Live/dead staining of MC3T3-E1 cells on a Sn3 HEA, b Sn0 HEA, and c Ti–6Al–4V alloy, and d numbers of cells attached to HEAs and Ti–6Al–4V alloy after cell culture for 24 h (presented as percentages of number of cells attached to Ti–6Al–4V alloy)

4 Conclusion

In the present study, (Ti0.2Zr0.2Hf0.2Nb0.2Ta0.2)100-xSnx (x = 3, 5, and 7; at%) HEAs with good mechanical properties, corrosion resistance, and biocompatibility have been developed. The HEA with 3 at% Sn exhibits the single BCC structure. With the further increasing in Sn contents to x = 5 at% and 7 at%, the HEAs are composed of the BCC structure and the HCP-(Sn, Zr) ordered phase. These HEAs exhibit improved compressive yield strengths (1068–1259 MPa) and hardness (HV 315–HV 390) with the Sn contents increasing. Young's moduli of these HEAs are about 80–91 GPa, which are lower than that of the Ti–6Al–4V alloy.

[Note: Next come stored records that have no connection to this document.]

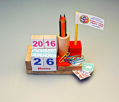 Игровой набор представляет собой настольный календарь с наклейками, которым можно пользоваться в течение нескольких лет. Наклейки приклеиваются детьми. С помощью набора дети в игровой форме знакомятся с календарем, а также некоторыми свойствами объемных фигур, позволяющих создать такой календарь. Календарь подходит для организации сюжетно-ролевых игр.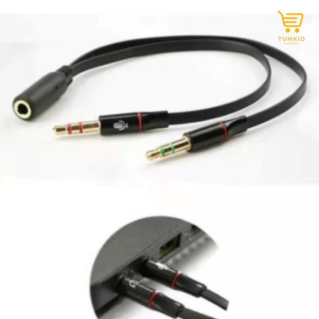 Cabo Conversor Adaptador Divisor Splitter de Áudio 3,5mm para audio e microfone PC ou Notebook Headset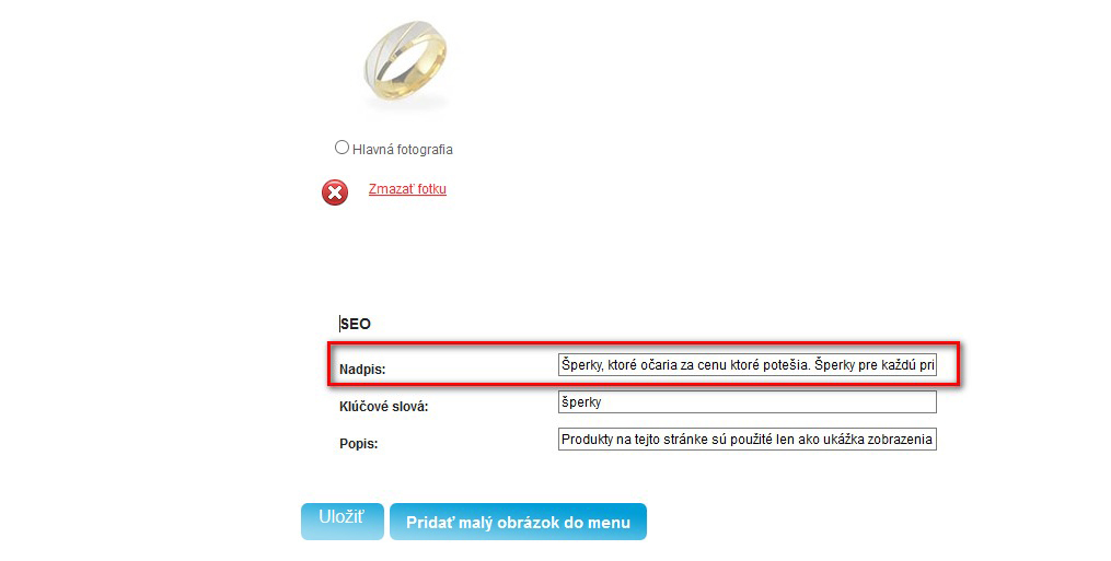 Každej stránke, kategórii, produktu, článku či blogu je možné nastaviť titulok, popis či kľúčové slová, ktoré sú veľmi dôležité. Pokiaľ ich však nevyplníte, automaticky sa čerpajú z názvu či popisu danej položky.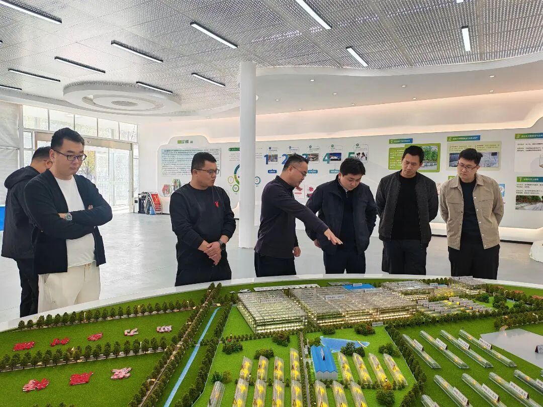 在产业园项目现场,考察组一行听取了集团关于园区规划建设、技术应用及运营管理等情况的介绍,实地查看了园区核心功能区域及智能农业设施运行情况,详细了解项目的核心理念、整体规划及智能化先进技术的运用,并就智慧农业技术创新、产业链延伸及未来合作方向展开深入交流。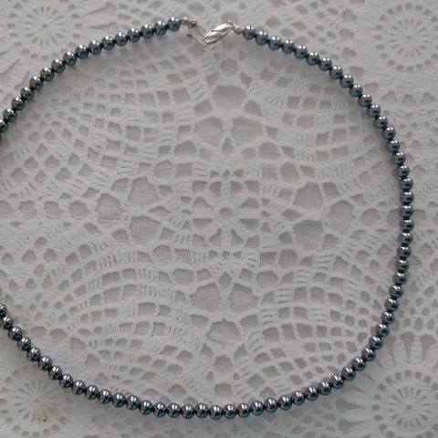 Hopeinen verikivi-kaulakoru panssariketjulla.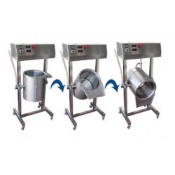 Pastadora en calent o màquina per a coure cremes fabricada per Inhospan, model AMC 24, amb calder de 24 L de capacitat. Tres posicions de treball: elaboració-cocció (amb utilizació de pales), omplert o neteja, i buidat (amb extracció de pales). Ideada per a elaborar qualsevol tipus de massa o salsa ja sigui sense temeratura o amb cocció. Variador de velocitat.
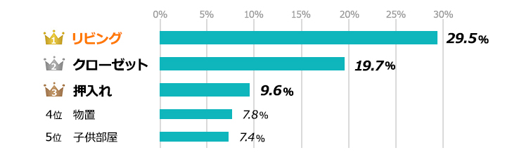 圧倒的に多かったのが1位「リビング」(29.5%)という結果になりました。リビングが散らかってしまう理由としては、「書類や雑誌、日用品、リモコン類などが出しっぱなしになる」、「最適な家具の配置がわからない」、「子供のおもちゃが散らかる」などのご意見がありました。リビングは使用頻度も高く、家族で共有するスペースのため、放っておくと散らかりがちというご家庭が多いようです。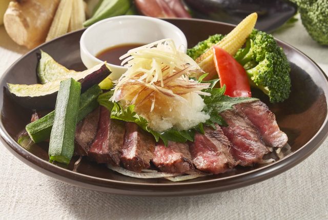 3.たっぷり薬味おろしの国産牛赤身ステーキと夏野菜のグリル 1,699円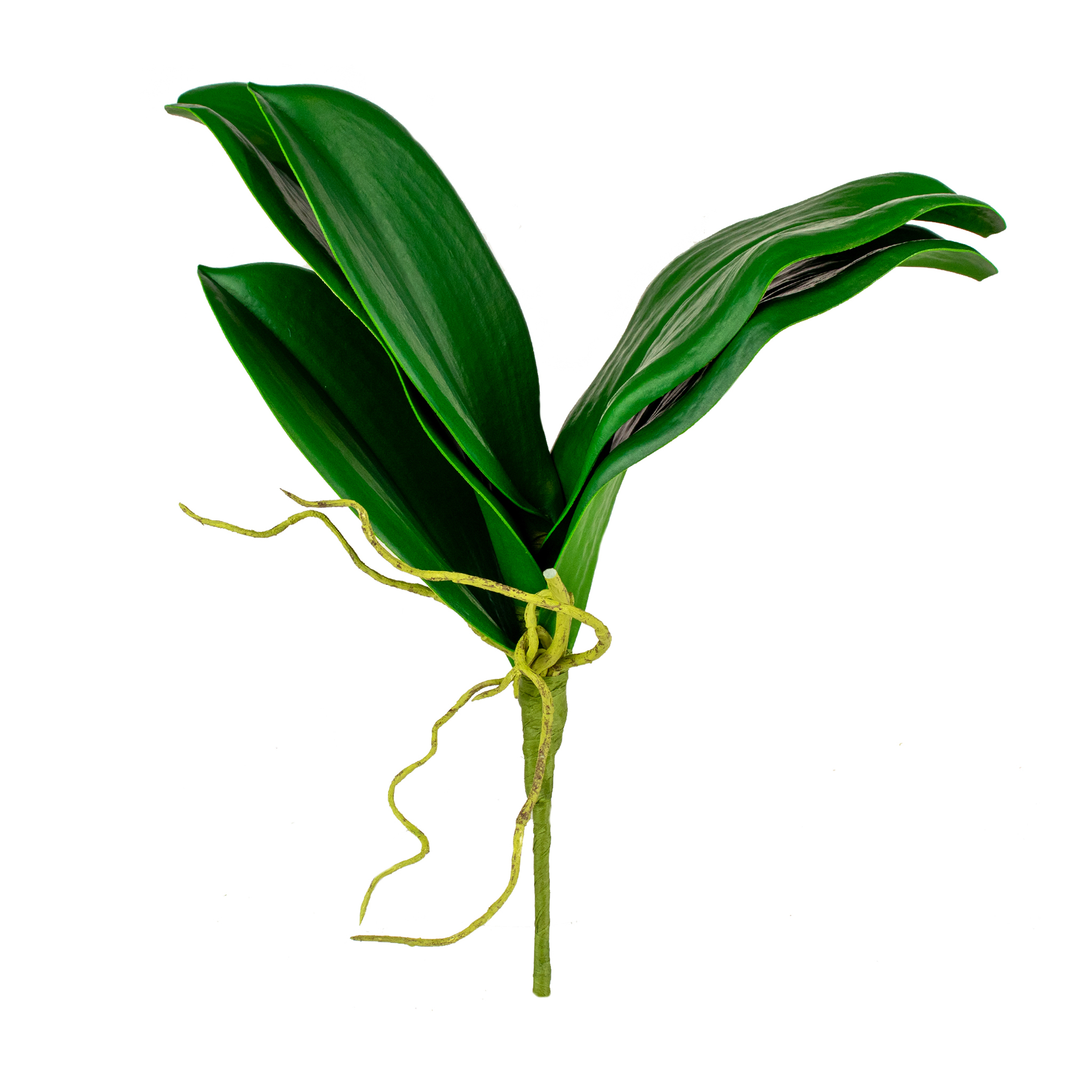 Artificial Phalaenopsis leaves set (5 individual leaves), with roots, Green.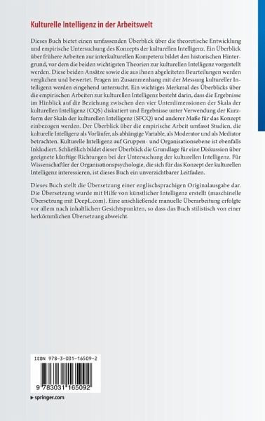 Teil I: Definition und Messung kultureller Intelligenz.- Kap. 1: Interkulturelle Kompetenz Tiefgreifender Hintergrund der interkulturellen Effektivität.- Kap. 2: Konzeptualisierung kultureller Intelligenz; Geschichte der Entwicklung des CQ-Konstrukts.- Kap.3: Messung kultureller Intelligenz; Vergleich zweier CQ-Messungen sowie anderer zeitgenössischer Messungen interkultureller Kompetenz (Effektivität).- Teil II: Antezedenzien der Ergebnisse kultureller Intelligenz.- Kap. 5: Ergebnisse kultureller Intelligenz; Überblick über theoretische und empirische Arbeiten.- Kap. 6: Kulturelle Intelligenz als Ergebnis Kap. 4: Antezedenzien kultureller Intelligenz; Überblick über theoretische und empirische Arbeiten.- Kap. 5: Ergebnisse kultureller Intelligenz; Überblick über theoretische und empirische Arbeiten.- Kap. 6: Kulturelle Intelligenz als Vermittler oder Moderator.- Teil II: Implikationen, Probleme und Möglichkeiten.- Kap. 7: Probleme und Kontroversen im Zusammenhang mit kultureller Intelligenz; Überblick über Kritiken an dem Konstrukt sowie über verschiedene Ansätze.- Kap. 8: Der Weg in die Zukunft.- Kap. 9: Fazit.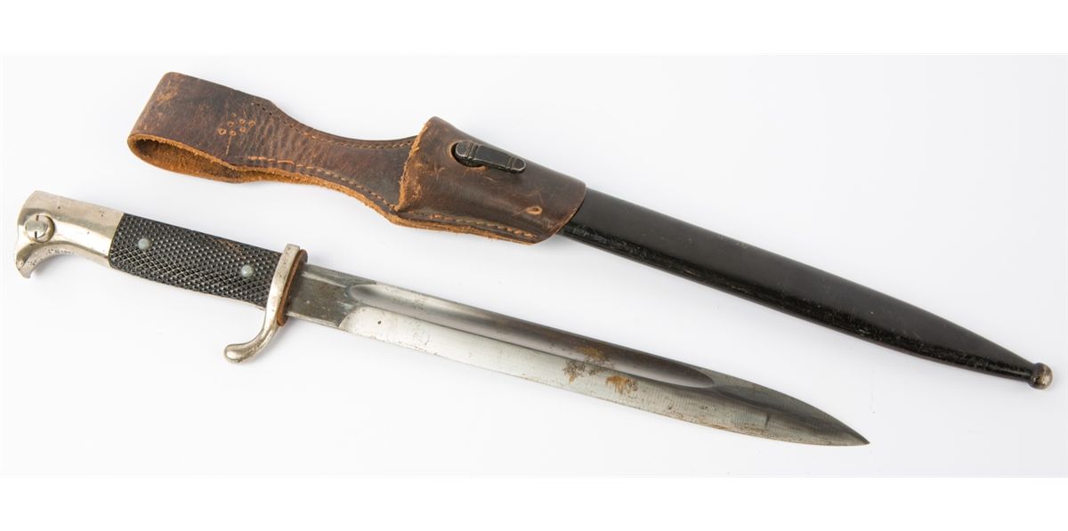 WWII GERMAN K98 DRESS BAYONET W/FROG ROBERT KLAAS Type: Bayonet Country: Germany Blade Length: 9.75" Overall Length: 14.5"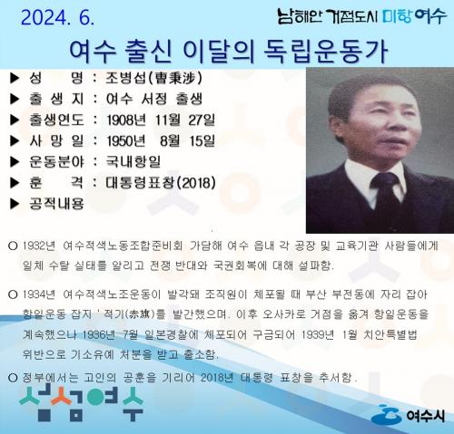 ¿©¼ö½Ã, 6¿ùÀÇ µ¶¸³¿îµ¿°¡, ¼­Á¤ Å»ý ¡®Á¶º´¼· ¼±»ý¡¯ ¼±Á¤

Among these HEAs, the (Ti0.2Zr0.2Hf0.2Nb0.2Ta0.2)97Sn3 HEA shows a good integration of mechanical properties, including a relatively low Young’s modulus of 80 GPa, high compressive yield strength up to ~ 1068 MPa, and a plastic strain of about 45%. Good bio-corrosion resistance of the HEAs is revealed by the passivation and no pitting in Hank’s solution. The HEA with 3 at% Sn can support the initial cell attachment with high viability, indicating the good biocompatibility. Combining the good mechanical properties, corrosion resistance, and biocompatibility, the Ti–Zr–Hf–Nb–Ta–Sn HEAs show great promise as potential biomaterials.